* **The data**
○ ○ ○ ○

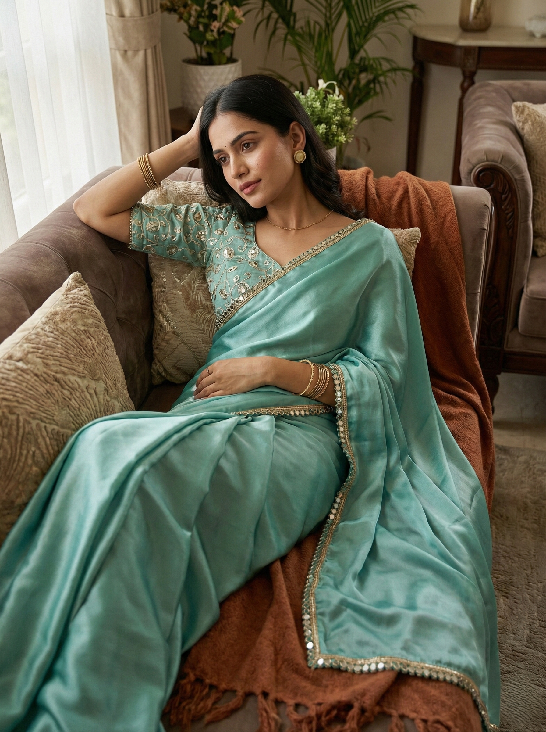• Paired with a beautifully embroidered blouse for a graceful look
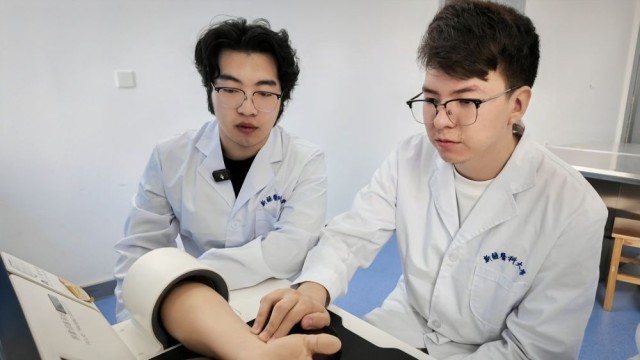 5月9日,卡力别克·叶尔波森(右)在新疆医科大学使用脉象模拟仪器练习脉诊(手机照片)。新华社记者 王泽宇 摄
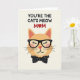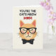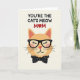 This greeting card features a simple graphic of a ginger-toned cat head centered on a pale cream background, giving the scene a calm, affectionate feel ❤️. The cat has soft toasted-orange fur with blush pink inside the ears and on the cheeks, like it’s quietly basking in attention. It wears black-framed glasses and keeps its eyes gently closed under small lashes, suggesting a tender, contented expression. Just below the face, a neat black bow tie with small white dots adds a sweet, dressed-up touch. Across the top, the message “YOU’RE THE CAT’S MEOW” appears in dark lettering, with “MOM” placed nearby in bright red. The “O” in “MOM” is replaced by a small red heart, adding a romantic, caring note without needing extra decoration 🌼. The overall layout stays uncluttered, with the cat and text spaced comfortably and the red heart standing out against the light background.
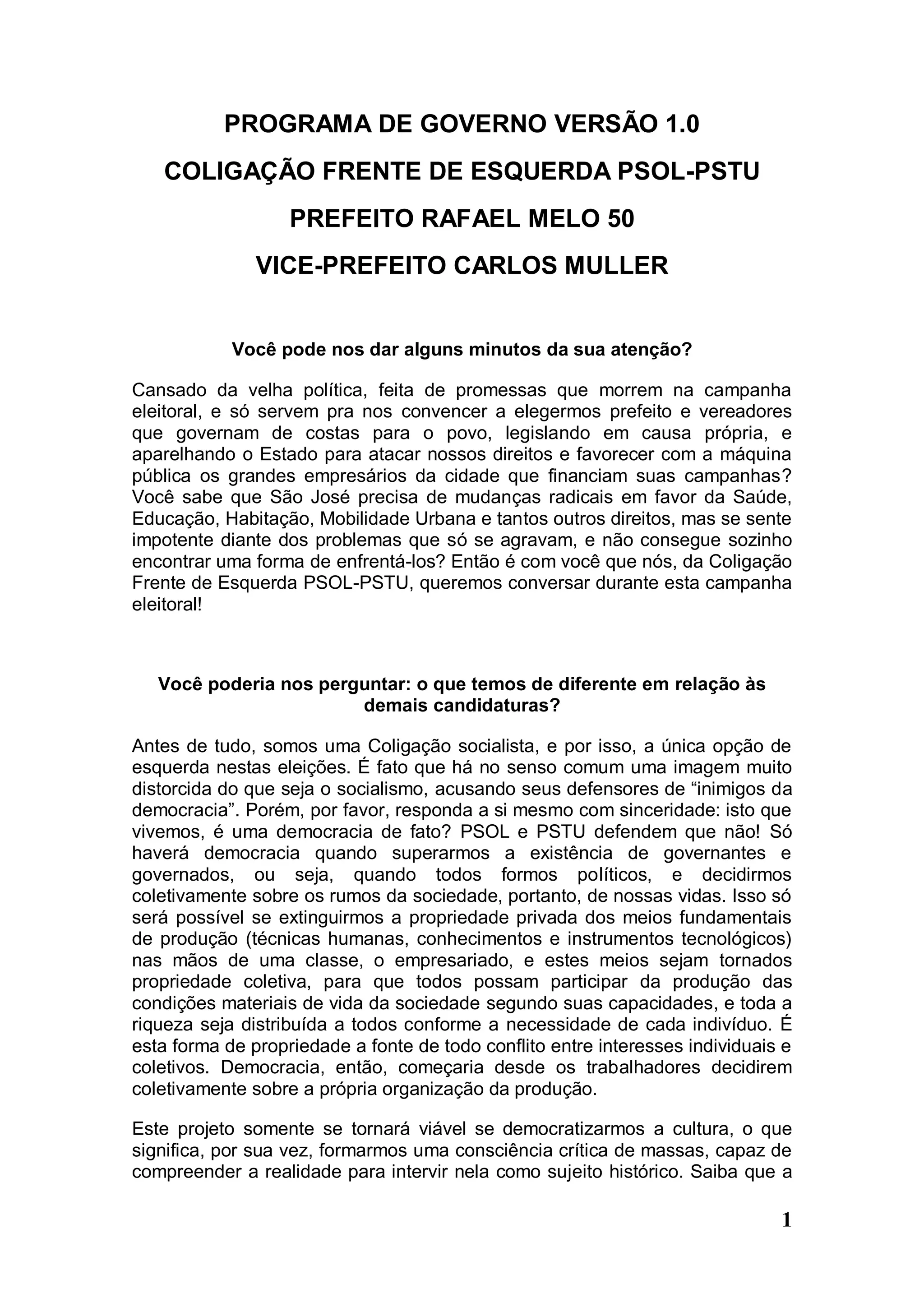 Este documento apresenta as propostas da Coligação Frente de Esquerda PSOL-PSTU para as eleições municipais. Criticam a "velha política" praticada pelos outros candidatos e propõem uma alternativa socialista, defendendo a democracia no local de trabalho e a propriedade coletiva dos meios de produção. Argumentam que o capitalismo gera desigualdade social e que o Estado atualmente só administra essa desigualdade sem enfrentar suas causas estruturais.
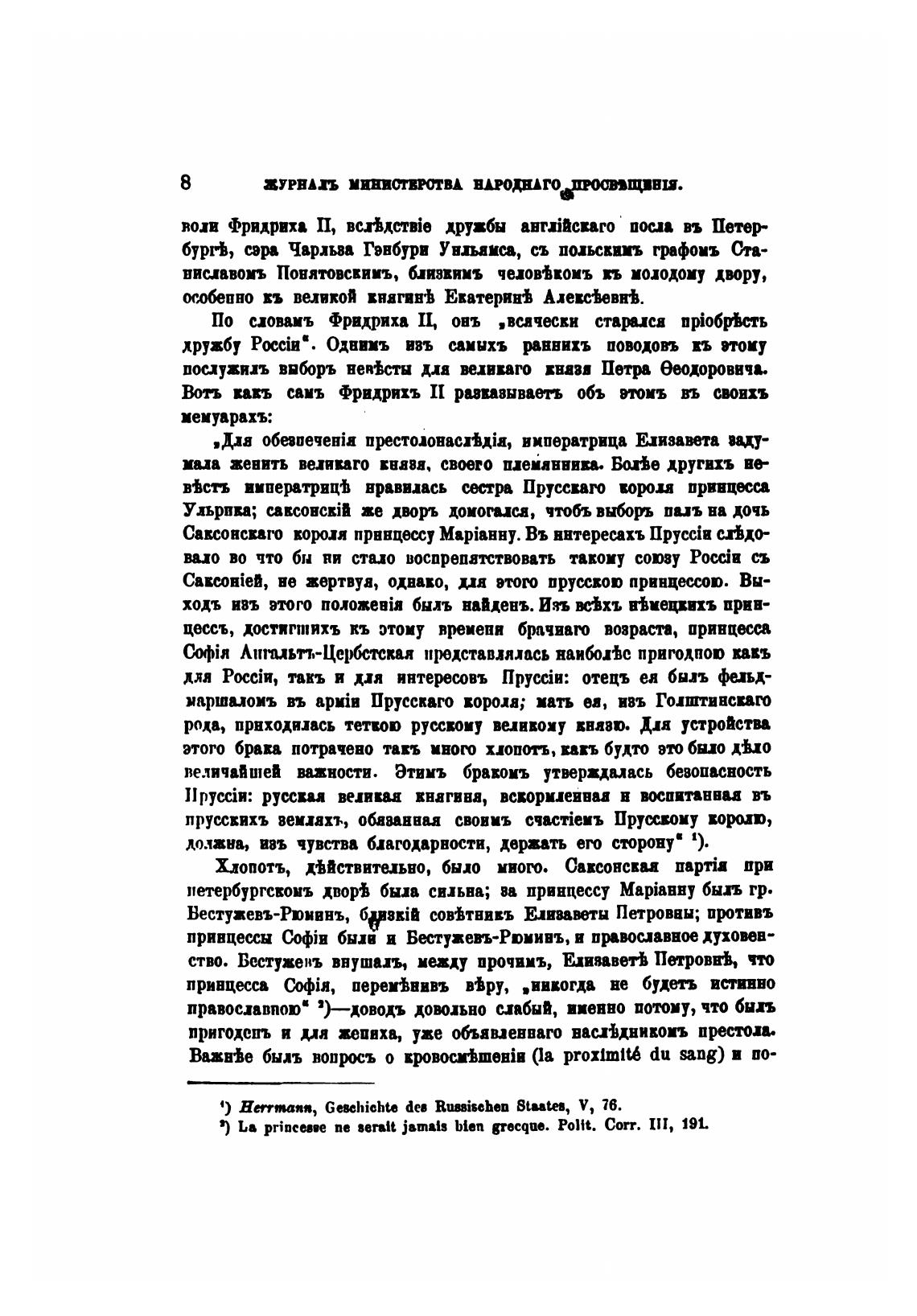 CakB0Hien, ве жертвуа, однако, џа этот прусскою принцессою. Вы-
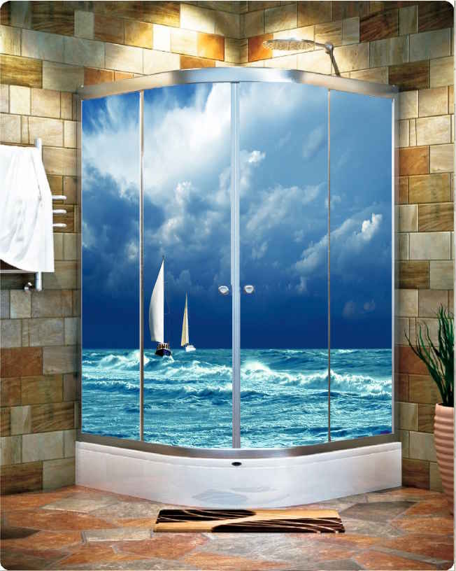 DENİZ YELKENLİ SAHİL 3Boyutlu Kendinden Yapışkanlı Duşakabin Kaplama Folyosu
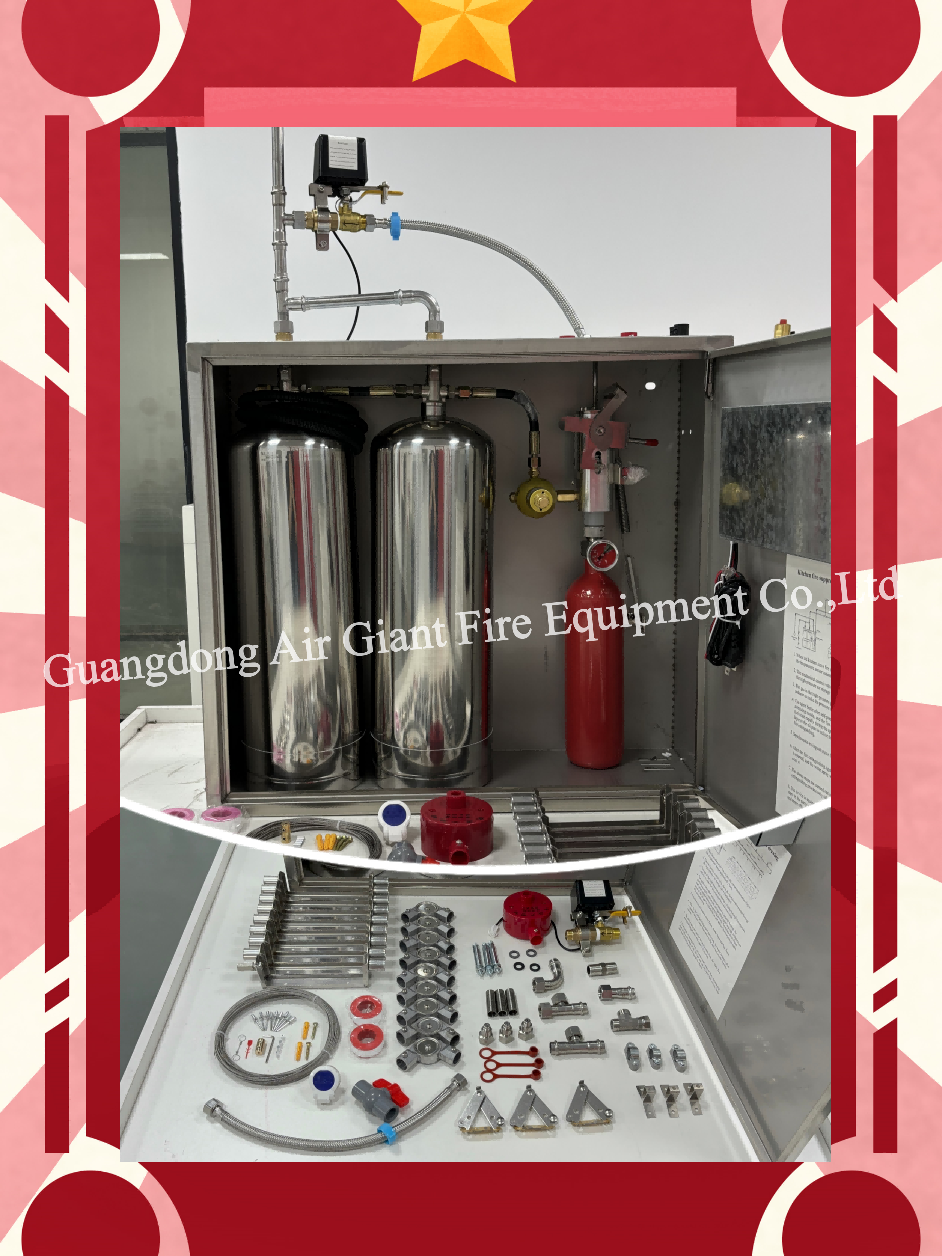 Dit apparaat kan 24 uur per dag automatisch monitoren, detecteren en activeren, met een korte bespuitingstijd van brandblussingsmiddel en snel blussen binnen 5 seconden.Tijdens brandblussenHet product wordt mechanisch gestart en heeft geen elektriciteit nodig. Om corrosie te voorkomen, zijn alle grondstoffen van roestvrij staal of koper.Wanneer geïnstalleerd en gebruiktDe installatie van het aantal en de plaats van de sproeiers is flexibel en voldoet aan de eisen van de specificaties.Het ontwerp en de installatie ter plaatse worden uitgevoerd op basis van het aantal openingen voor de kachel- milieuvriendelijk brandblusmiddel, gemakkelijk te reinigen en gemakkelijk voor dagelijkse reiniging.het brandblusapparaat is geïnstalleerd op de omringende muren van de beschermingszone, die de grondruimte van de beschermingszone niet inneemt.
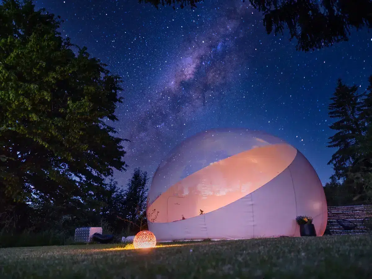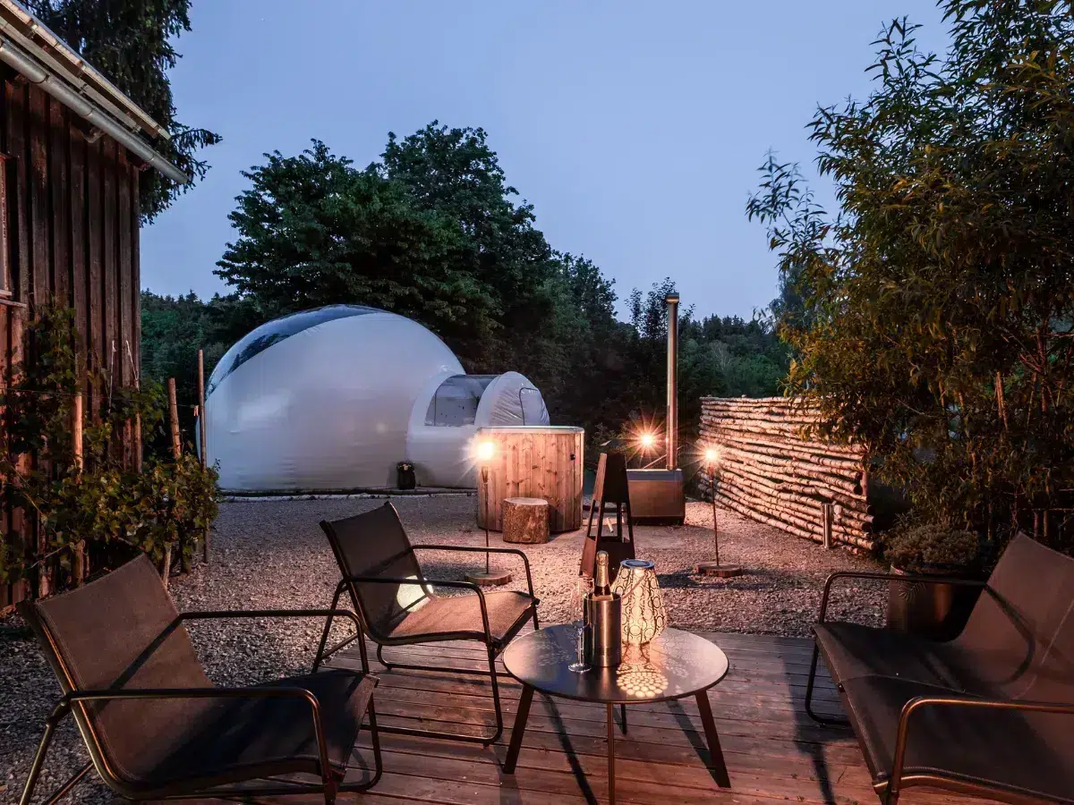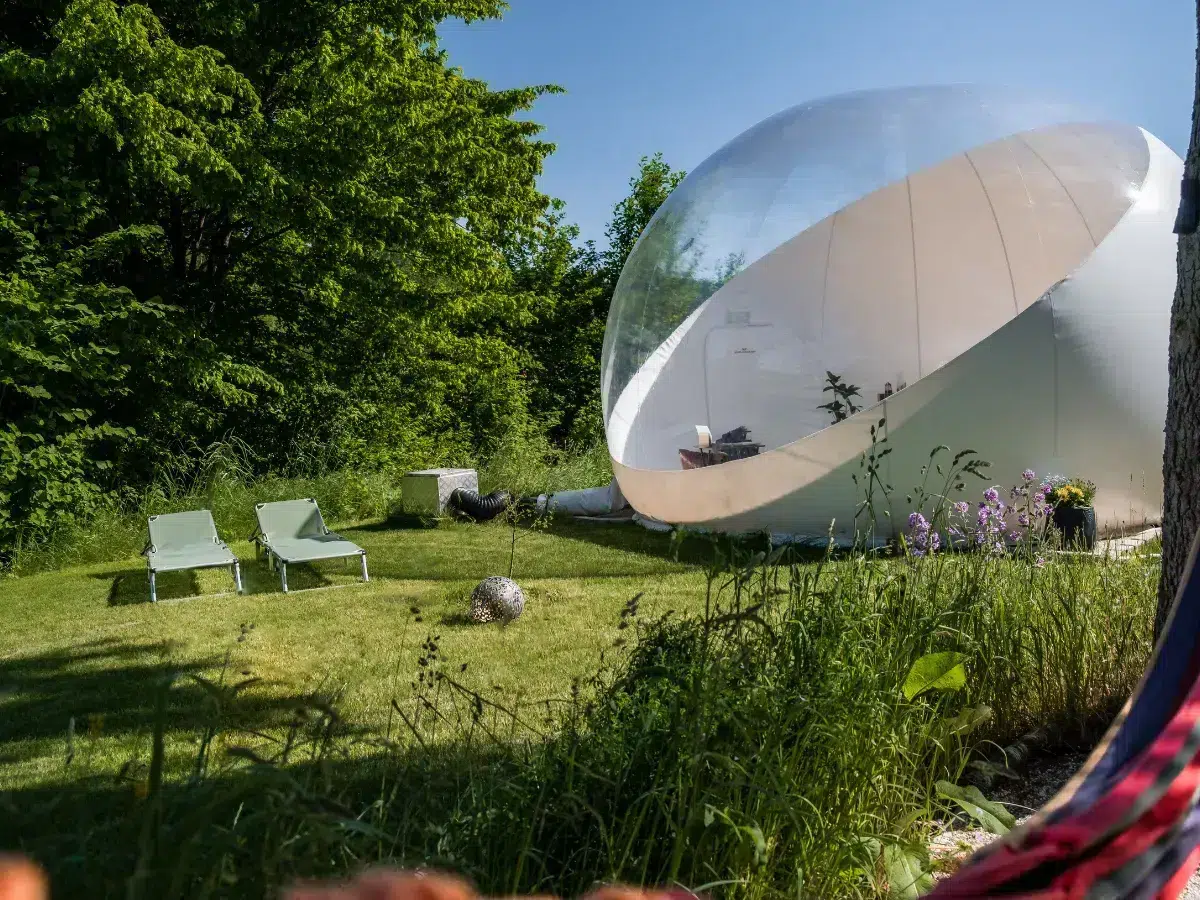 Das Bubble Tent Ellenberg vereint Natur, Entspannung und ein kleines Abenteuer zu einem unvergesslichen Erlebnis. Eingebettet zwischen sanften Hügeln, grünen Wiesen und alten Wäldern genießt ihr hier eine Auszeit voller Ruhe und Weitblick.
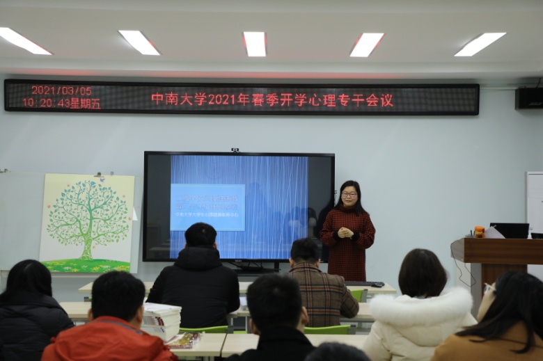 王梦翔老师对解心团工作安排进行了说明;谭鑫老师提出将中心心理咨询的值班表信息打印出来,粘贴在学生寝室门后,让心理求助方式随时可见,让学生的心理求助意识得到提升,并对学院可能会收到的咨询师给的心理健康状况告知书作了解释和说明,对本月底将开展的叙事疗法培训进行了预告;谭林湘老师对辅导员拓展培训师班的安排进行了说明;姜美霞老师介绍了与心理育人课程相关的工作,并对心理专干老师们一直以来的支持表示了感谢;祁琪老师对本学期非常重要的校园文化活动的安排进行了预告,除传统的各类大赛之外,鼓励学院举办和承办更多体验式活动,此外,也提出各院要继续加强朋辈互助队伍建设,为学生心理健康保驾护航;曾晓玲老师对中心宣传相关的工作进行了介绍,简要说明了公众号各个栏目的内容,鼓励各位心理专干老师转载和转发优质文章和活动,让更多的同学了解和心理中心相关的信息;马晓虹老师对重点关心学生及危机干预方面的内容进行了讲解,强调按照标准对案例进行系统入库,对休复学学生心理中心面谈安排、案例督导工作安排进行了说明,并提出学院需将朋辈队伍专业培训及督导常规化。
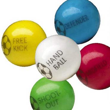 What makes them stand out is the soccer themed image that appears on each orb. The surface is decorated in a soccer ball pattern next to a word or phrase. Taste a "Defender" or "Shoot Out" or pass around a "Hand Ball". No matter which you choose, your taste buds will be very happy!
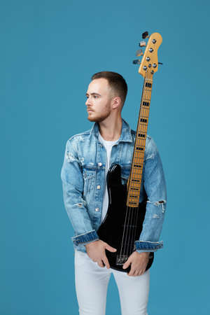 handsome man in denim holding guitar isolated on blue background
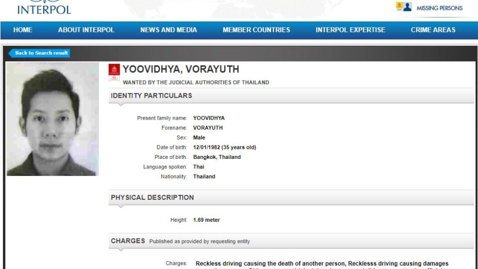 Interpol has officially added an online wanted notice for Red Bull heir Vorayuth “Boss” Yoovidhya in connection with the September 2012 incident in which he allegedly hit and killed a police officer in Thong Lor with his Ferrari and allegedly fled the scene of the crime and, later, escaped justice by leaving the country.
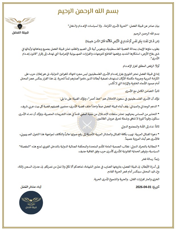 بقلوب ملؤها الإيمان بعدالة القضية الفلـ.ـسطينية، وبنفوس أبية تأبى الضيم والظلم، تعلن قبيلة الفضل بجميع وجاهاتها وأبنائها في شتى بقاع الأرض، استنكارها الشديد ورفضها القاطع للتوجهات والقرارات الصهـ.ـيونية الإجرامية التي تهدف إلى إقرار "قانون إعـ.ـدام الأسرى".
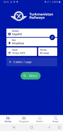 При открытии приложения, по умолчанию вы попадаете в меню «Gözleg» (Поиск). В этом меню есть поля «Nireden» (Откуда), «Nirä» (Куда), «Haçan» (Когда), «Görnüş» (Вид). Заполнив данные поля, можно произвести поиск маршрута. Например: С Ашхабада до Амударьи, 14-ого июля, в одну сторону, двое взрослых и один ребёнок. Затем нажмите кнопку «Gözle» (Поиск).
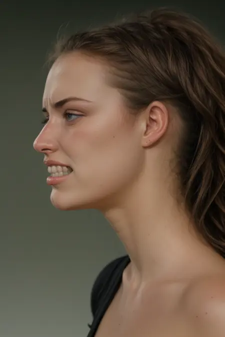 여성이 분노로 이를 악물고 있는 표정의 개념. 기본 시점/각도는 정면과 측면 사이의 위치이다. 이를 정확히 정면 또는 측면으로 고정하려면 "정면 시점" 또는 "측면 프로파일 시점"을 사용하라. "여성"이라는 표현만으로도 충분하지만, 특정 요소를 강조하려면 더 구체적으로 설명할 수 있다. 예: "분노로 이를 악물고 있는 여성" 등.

○ ○ ○ ○

* **Description of the task**
An exact copy is needed of the lines from the start of the listing through the line with "DENİZ YELKENLİ SAHİL", both end lines included and pictures excluded.

* **Exercise output**
• Paired with a beautifully embroidered blouse for a graceful look
 5月9日,卡力别克·叶尔波森(右)在新疆医科大学使用脉象模拟仪器练习脉诊(手机照片)。新华社记者 王泽宇 摄
 This greeting card features a simple graphic of a ginger-toned cat head centered on a pale cream background, giving the scene a calm, affectionate feel ❤️. The cat has soft toasted-orange fur with blush pink inside the ears and on the cheeks, like it’s quietly basking in attention. It wears black-framed glasses and keeps its eyes gently closed under small lashes, suggesting a tender, contented expression. Just below the face, a neat black bow tie with small white dots adds a sweet, dressed-up touch. Across the top, the message “YOU’RE THE CAT’S MEOW” appears in dark lettering, with “MOM” placed nearby in bright red. The “O” in “MOM” is replaced by a small red heart, adding a romantic, caring note without needing extra decoration 🌼. The overall layout stays uncluttered, with the cat and text spaced comfortably and the red heart standing out against the light background.
 Este documento apresenta as propostas da Coligação Frente de Esquerda PSOL-PSTU para as eleições municipais. Criticam a "velha política" praticada pelos outros candidatos e propõem uma alternativa socialista, defendendo a democracia no local de trabalho e a propriedade coletiva dos meios de produção. Argumentam que o capitalismo gera desigualdade social e que o Estado atualmente só administra essa desigualdade sem enfrentar suas causas estruturais.
 CakB0Hien, ве жертвуа, однако, џа этот прусскою принцессою. Вы-
 DENİZ YELKENLİ SAHİL 3Boyutlu Kendinden Yapışkanlı Duşakabin Kaplama Folyosu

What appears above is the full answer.